# Allergies - 1 year old Female



## KonasPop (Aug 9, 2011)

Thought I would post this more for my sanity than anything but maybe it will help someone else in a search sometime. 

1 yr old female: Kona
Food : up to year Eukanuba Naturally wild; after year ORIJEN
First reaction: Borderline anaph. shock with a sting in the summer (6 months old)
Second: quarter size, almond shaped full body bumps/hives break out / itching etc. (7 months old)
Third: xmas week; hives on muzzle for four days, then hives on ears. Localized only to muzzle and face. Biting ankles, gas, and biting tail (year old)
She's on no medication regularly.

We finally took Kona in xmas week to vet dermatologist. Were told what we had already researched. Most times its a food/diet issue. 
She was treated for a skin fungus just in case. 
Vet moved her from Benadryl (which we use to treat when these things happen to : Hydroxyzine (Atarax)
She responds well to this - it brought the muzzle hives down and itchying ceased. Twice daily 50mg
Moved to specific food from VCA vet: dry duck/potato by Royal Canin. Lots of shedding.
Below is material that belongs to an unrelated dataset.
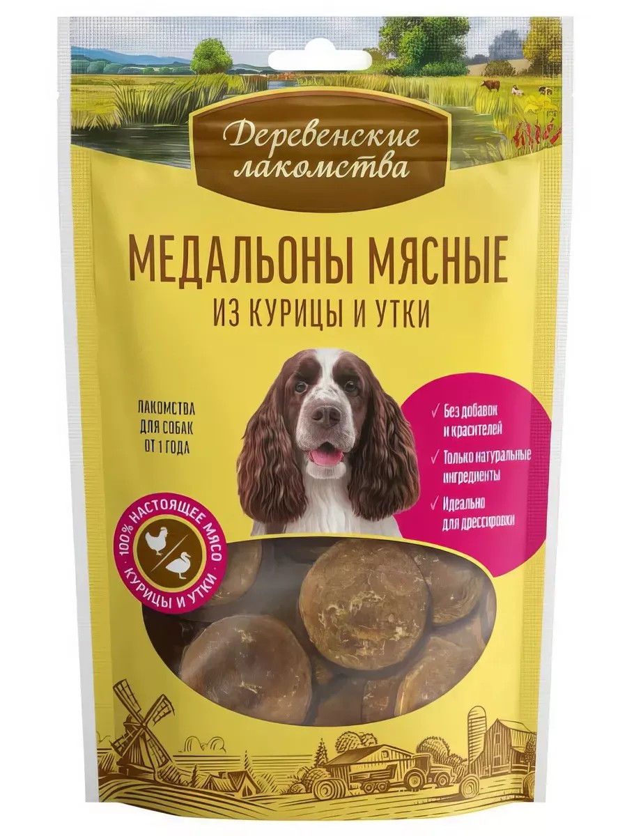 Деревенские лакомства Лакомство для собак, медальоны мясные из курицы и утки, 90 г
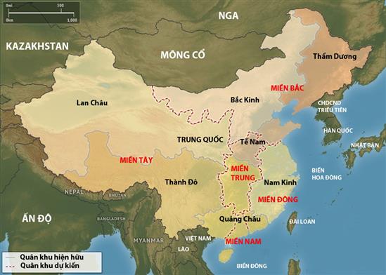 Một trong những kế hoạch sáp nhập các quân khu của Trung Quốc xuống còn 5 quân khu: miền bắc, miền nam, miền trung, miền đông và miền tây.

What we think: I think she's got an allergy to some specific food item, either chicken or beef or something very common. Maybe even white fish. I also think that too much protein was a culprit here to ; not all v's suffer but I think given the bee sting and how bad she reacted, her immune/antihistamine response is more sensitive and thus the protein throwing her off. I just wanted to give her a good coat and calories since we do so much each day. Guaranteed analysis of Orijen is 40% protein compared to Royal Canin which is like 8%. Still trying to stay grain free through the process as that tends to also be a top allergan. 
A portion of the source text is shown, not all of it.